So, if you have a good reason to do triangle/triangle collision detection between meshes with lots of triangles, you can do some things to speed up processing.

First, make sure that you do test for collision of simple bounding volumes before you perform a triangle/triangle test between the meshes.

Second, expanding on the first, create a bounding volume tree, such as an OBB tree. Each leaf of the tree refers to a subset of the triangles of the mesh. Before going triangle/triangle, do collision amongst the leaf nodes of the tree, then only do triangle/triangle for triangles contained in colliding leaves of the OBB trees. This is a quite common approach. (Note for characters you could have one OBB per limb of the character, or a separate OBB tree for each limb if the limbs have large #'s of triangles.)

Third, you can exploit temporal coherence, considering only triangles that previously were close enough together to possibly collide.

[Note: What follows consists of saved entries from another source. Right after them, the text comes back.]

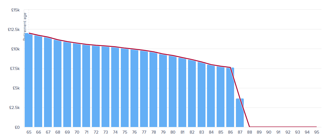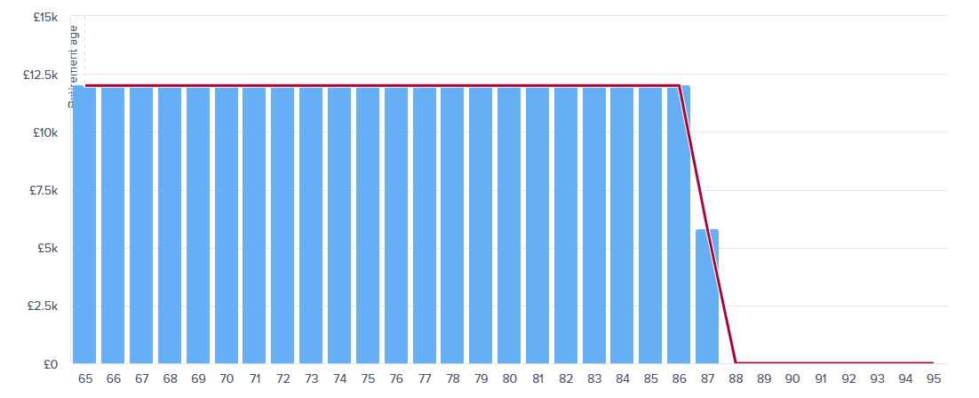 The chart above illustrates this payment structure with 0% inflation under a Monte Carlo scheme. In Timeline Planning using historical data, cashflow charts are always in real terms, adjusted for inflation to show the actual value of payments over time.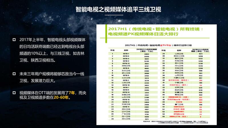 10月25-26日,以“运营未来,视在必行”为主题的流媒体网第16届电视新媒体高峰论坛在杭州西溪举行,在25日下午的“电视大屏的精耕细作”分论坛上,上海常春藤投资有限公司高级合伙人 高悦进行了主题为《走进智能媒体时代》的演讲。以下是演讲的PPT: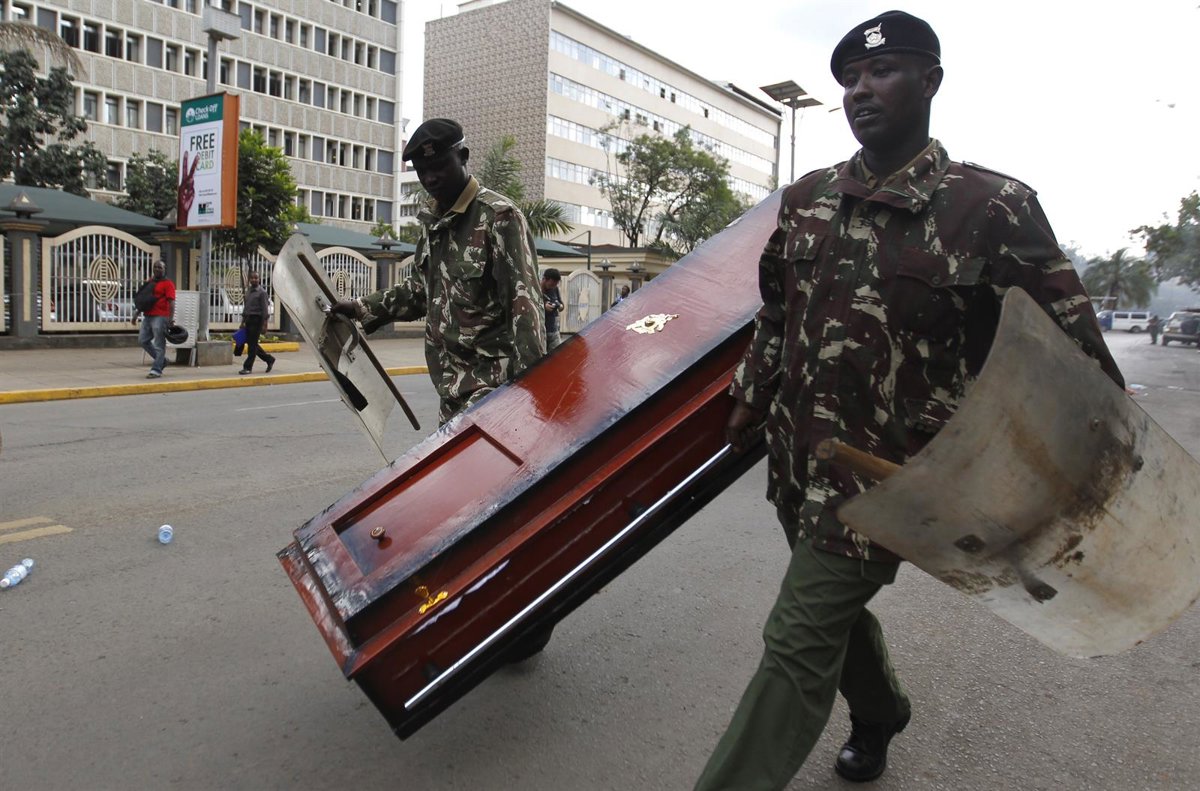 La Policía de Kenia ha usado gas lacrimógeno para dispersar a los manifestantes que este martes se han agolpado frente a la oficina del presidente, Uhuru Kenyatta, para protestar por el ataque perpetrado por milicianos islamistas de este fin de semana, en el que murieron 28 personas.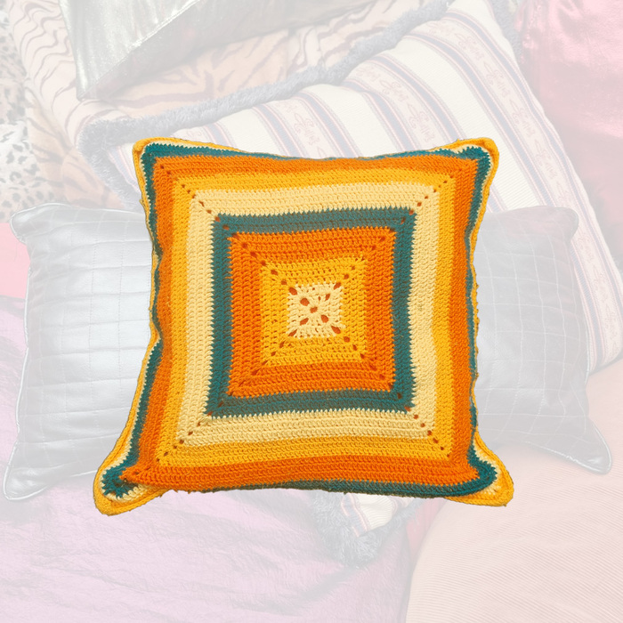 Cushion Small - Green & Orange Crochet (50cm)

The OBB tree can help, e.g., keep track of the temporal coherence of the OBB tree leaves instead of individual triangles.

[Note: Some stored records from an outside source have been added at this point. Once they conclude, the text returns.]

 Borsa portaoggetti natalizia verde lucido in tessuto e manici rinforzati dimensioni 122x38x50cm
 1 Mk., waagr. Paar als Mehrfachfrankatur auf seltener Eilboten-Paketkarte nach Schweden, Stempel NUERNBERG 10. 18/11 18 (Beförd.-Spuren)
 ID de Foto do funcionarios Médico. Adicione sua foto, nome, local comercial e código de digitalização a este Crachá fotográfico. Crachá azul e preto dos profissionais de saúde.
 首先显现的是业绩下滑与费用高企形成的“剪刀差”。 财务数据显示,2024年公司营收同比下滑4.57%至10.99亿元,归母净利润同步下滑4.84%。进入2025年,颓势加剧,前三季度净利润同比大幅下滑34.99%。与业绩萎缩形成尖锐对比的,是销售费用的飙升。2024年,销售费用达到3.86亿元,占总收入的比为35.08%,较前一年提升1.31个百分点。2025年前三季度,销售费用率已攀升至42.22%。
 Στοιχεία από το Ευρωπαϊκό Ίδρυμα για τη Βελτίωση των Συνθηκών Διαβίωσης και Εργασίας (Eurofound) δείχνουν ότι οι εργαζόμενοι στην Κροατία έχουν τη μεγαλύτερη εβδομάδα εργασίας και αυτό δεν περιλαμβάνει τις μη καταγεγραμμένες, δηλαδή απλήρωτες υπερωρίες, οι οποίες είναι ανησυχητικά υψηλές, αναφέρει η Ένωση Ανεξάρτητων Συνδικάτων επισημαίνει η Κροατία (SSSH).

Fourth, once you narrow the problem down to a minimal subset of triangles to test, partition your triangles so that you do not test every possible pair. For example, sort triangles in X, and then do a plane sweep, only testing triangles whose projected X extents overlap. You can really sort in each axis in sequence, X, Y, Z, at each step eliminating triangle tests for triangles that don't overlap in the current axis. That plane sweep process exploits the spatial coherence of the model.

I guess my main point is that even if you don't want to use proxy geometry or bounding volumes to obtain your final result, you are going to have to exploit them to perform your triangle/triangle test in a smart way, to make it fast.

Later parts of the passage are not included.